RECORDS SUPPLIED:
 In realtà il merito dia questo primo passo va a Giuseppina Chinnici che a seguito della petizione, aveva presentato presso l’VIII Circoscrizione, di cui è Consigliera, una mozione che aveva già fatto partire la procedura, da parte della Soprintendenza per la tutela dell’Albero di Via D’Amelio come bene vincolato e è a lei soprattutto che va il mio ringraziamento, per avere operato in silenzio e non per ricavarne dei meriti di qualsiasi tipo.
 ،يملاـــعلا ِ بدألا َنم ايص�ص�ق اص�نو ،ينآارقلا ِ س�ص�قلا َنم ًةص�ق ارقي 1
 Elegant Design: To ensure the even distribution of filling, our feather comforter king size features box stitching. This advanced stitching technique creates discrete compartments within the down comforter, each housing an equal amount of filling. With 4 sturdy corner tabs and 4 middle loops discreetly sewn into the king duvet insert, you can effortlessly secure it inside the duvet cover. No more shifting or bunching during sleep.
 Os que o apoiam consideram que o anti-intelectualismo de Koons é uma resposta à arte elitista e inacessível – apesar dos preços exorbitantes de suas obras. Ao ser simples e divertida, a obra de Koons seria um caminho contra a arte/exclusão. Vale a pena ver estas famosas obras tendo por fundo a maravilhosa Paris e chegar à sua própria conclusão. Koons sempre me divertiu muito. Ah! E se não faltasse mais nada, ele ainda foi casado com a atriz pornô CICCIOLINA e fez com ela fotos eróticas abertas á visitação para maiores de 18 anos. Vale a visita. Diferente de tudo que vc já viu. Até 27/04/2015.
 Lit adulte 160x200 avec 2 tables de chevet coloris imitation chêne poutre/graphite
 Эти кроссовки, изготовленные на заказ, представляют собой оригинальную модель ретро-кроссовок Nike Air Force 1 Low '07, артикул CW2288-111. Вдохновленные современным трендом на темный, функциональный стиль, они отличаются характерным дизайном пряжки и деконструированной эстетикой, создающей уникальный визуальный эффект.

==

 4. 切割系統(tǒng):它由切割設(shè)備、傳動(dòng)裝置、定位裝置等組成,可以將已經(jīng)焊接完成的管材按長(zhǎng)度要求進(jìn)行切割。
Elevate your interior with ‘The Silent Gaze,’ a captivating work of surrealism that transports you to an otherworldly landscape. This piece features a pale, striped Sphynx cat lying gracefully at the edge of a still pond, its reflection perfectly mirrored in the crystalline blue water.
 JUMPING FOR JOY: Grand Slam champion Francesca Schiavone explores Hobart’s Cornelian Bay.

TASK DESCRIPTION: Check each line above for the string "This" and copy every line that has it.

SOLUTION BELOW:
 Elegant Design: To ensure the even distribution of filling, our feather comforter king size features box stitching. This advanced stitching technique creates discrete compartments within the down comforter, each housing an equal amount of filling. With 4 sturdy corner tabs and 4 middle loops discreetly sewn into the king duvet insert, you can effortlessly secure it inside the duvet cover. No more shifting or bunching during sleep.
Elevate your interior with ‘The Silent Gaze,’ a captivating work of surrealism that transports you to an otherworldly landscape. This piece features a pale, striped Sphynx cat lying gracefully at the edge of a still pond, its reflection perfectly mirrored in the crystalline blue water.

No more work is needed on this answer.